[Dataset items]
════════════════

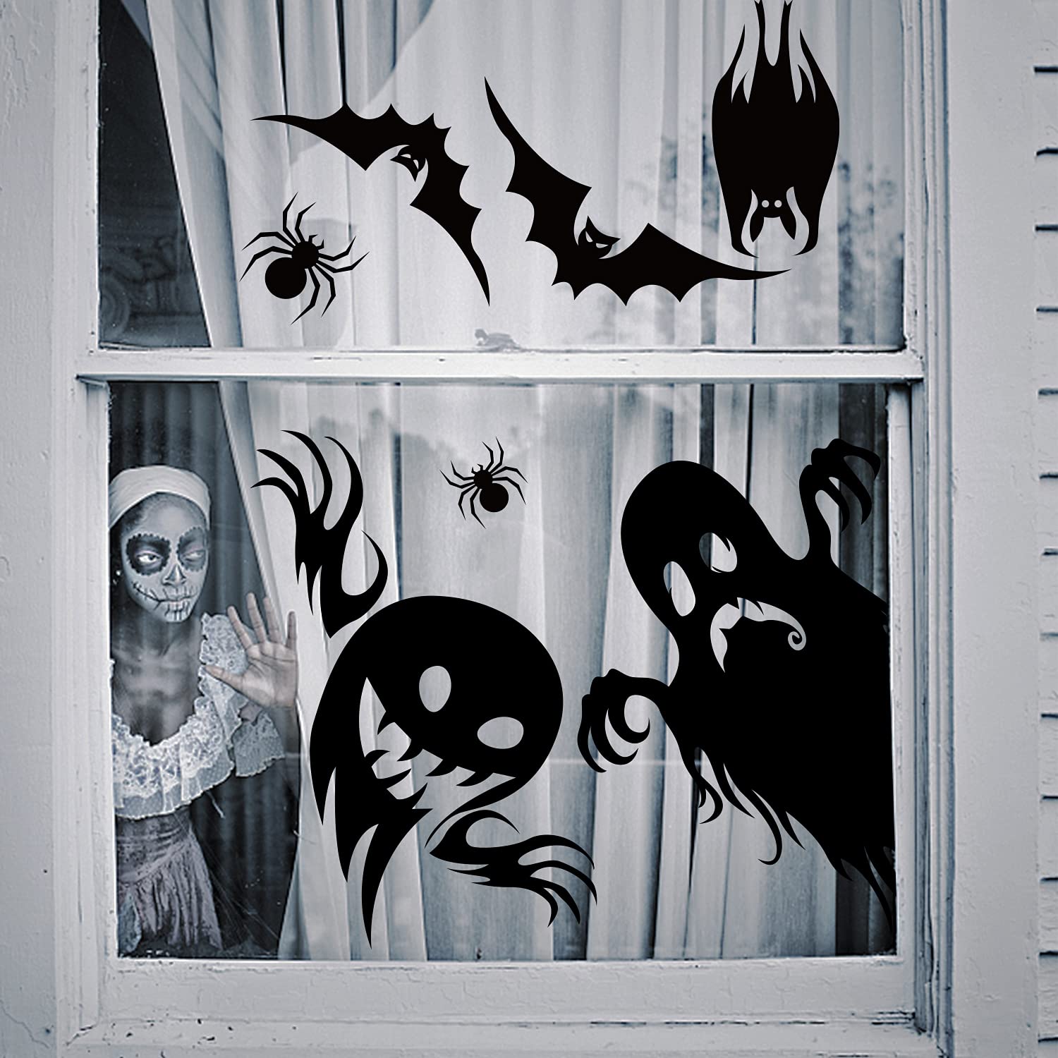 • SPOOKY HALLOWEEN SILHOUETTE:The halloween window stickers feature creepy ghost and monster in large size,comes with bats and spiders.Festive addition to your home decoration.
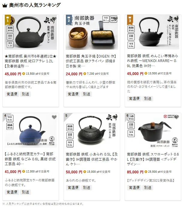 奥州市で人気の返礼品は伝統工芸「南部鉄器」を代表する鉄瓶「姥口アラレ」です。及春鋳造所の職人が丁寧に仕上げた逸品で、長年愛され続けています。他にも熱伝導と蓄熱性に優れ、ふんわり卵焼きが作れる「南部鉄器 角玉子焼」や、茶の湯釜のわび・さびを表現した「めんこい寒梅あられ鉄瓶」が日常使いにも贈答用にも喜ばれています。
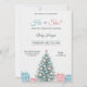 "Gender reveal invitation with a festive theme. It features a decorated Christmas tree, blue and pink gifts, and elegant text on a marble background."
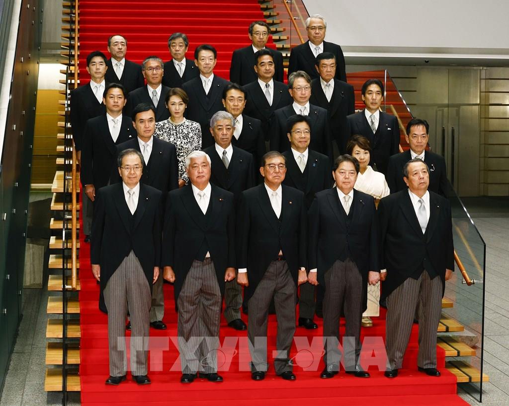 Ngày 1/10/2024, Quốc hội Nhật Bản đã họp phiên bất thường và bầu Chủ tịch đảng Dân chủ Tự do (LDP) Shigeru Ishiba làm Thủ tướng thứ 102 của nước này. Theo kết quả cuộc bỏ phiếu, ông Shigeru Ishiba nhận được 291 trong tổng số 461 phiếu hợp lệ tại Hạ viện. Trong ảnh: Tân Thủ tướng Nhật Bản Shigeru Ishiba cùng các thành viên nôi các sau lễ tuyên thệ nhậm chức tại Tokyo, ngày 1/10/2024. Ảnh: Kyodo/TTXVN
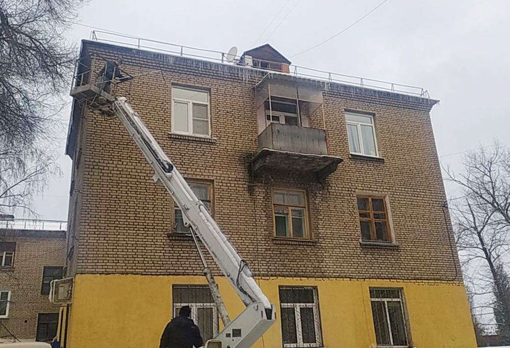 В работах задействовано две автовышки и 18 человек, в том числе альпинистов. Удаление сосулек и наледи с крыш многоквартирных домов находится на постоянном контроле у руководителя управы.
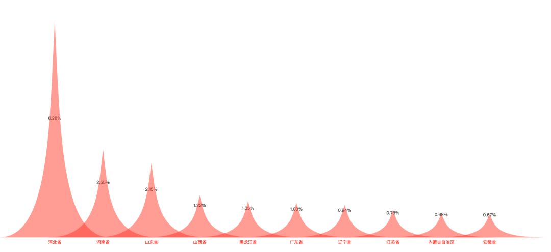 但就省份而言,这些人群主要去往河北省、河南省、山东省。就城市而言,主要去往保定市、廊坊市、邯郸市等,TOP20的城市占比近10%。
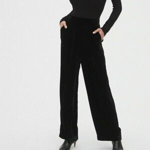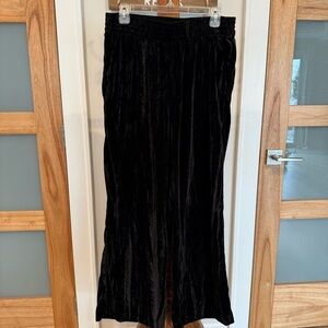 Gap Black Ribbed Crushed Velvet Wide-Leg High-Rise Holiday Trousers Large EUC
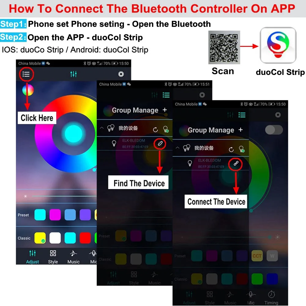 1. Подключите блок к светильник бар для того, чтобы сделать его светильник или похода по магазинам.2. Отсканируйте qr-код на контроллере и загрузите приложение.3. Включите Bluetooth/Wifi, а затем подключите его.4. После успешного подключения откройте приложение и используйте его.Мы отправим вам руководство по эксплуатации, пожалуйста, не беспокойтесь.
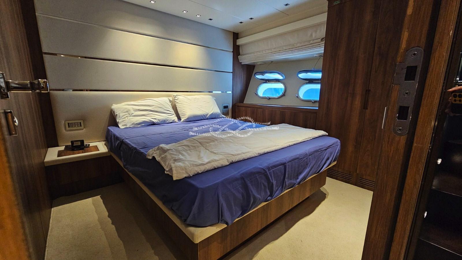 Cabina armatoriale con letto matrimoniale, cabina armadio e bagno - cabina Vip con letto matrimoniale e bagno - cabina ospiti con due letti in piano e bagno - cabina singola con bagno.
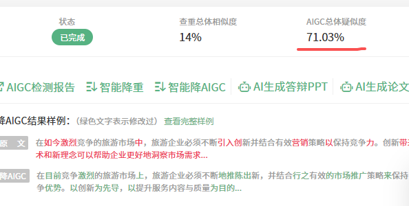 提交AI率检测平台,能降低到20%左右,效果还将就,自己再改改,应该能降低到10%以内。
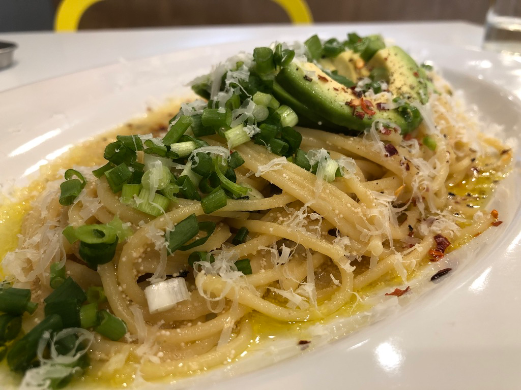 아보카도 명란 오일 파스타입니다. 개인적으로 아보카도나 명란이나 둘 다 친근한 음식은 아닌데요. 먹어 보니 명란의 맛이 올라오지만 부담스럽지 않고 기름지면서도 짭짤한 맛이 조화를 이루었습니다.

════════════════

Each entry above should be given again exactly, with its pictures omitted.

TASK RESPONSE
 • SPOOKY HALLOWEEN SILHOUETTE:The halloween window stickers feature creepy ghost and monster in large size,comes with bats and spiders.Festive addition to your home decoration.
 奥州市で人気の返礼品は伝統工芸「南部鉄器」を代表する鉄瓶「姥口アラレ」です。及春鋳造所の職人が丁寧に仕上げた逸品で、長年愛され続けています。他にも熱伝導と蓄熱性に優れ、ふんわり卵焼きが作れる「南部鉄器 角玉子焼」や、茶の湯釜のわび・さびを表現した「めんこい寒梅あられ鉄瓶」が日常使いにも贈答用にも喜ばれています。
 "Gender reveal invitation with a festive theme. It features a decorated Christmas tree, blue and pink gifts, and elegant text on a marble background."
 Ngày 1/10/2024, Quốc hội Nhật Bản đã họp phiên bất thường và bầu Chủ tịch đảng Dân chủ Tự do (LDP) Shigeru Ishiba làm Thủ tướng thứ 102 của nước này. Theo kết quả cuộc bỏ phiếu, ông Shigeru Ishiba nhận được 291 trong tổng số 461 phiếu hợp lệ tại Hạ viện. Trong ảnh: Tân Thủ tướng Nhật Bản Shigeru Ishiba cùng các thành viên nôi các sau lễ tuyên thệ nhậm chức tại Tokyo, ngày 1/10/2024. Ảnh: Kyodo/TTXVN
 В работах задействовано две автовышки и 18 человек, в том числе альпинистов. Удаление сосулек и наледи с крыш многоквартирных домов находится на постоянном контроле у руководителя управы.
 但就省份而言,这些人群主要去往河北省、河南省、山东省。就城市而言,主要去往保定市、廊坊市、邯郸市等,TOP20的城市占比近10%。
 Gap Black Ribbed Crushed Velvet Wide-Leg High-Rise Holiday Trousers Large EUC
 1. Подключите блок к светильник бар для того, чтобы сделать его светильник или похода по магазинам.2. Отсканируйте qr-код на контроллере и загрузите приложение.3. Включите Bluetooth/Wifi, а затем подключите его.4. После успешного подключения откройте приложение и используйте его.Мы отправим вам руководство по эксплуатации, пожалуйста, не беспокойтесь.
 Cabina armatoriale con letto matrimoniale, cabina armadio e bagno - cabina Vip con letto matrimoniale e bagno - cabina ospiti con due letti in piano e bagno - cabina singola con bagno.
 提交AI率检测平台,能降低到20%左右,效果还将就,自己再改改,应该能降低到10%以内。
 아보카도 명란 오일 파스타입니다. 개인적으로 아보카도나 명란이나 둘 다 친근한 음식은 아닌데요. 먹어 보니 명란의 맛이 올라오지만 부담스럽지 않고 기름지면서도 짭짤한 맛이 조화를 이루었습니다.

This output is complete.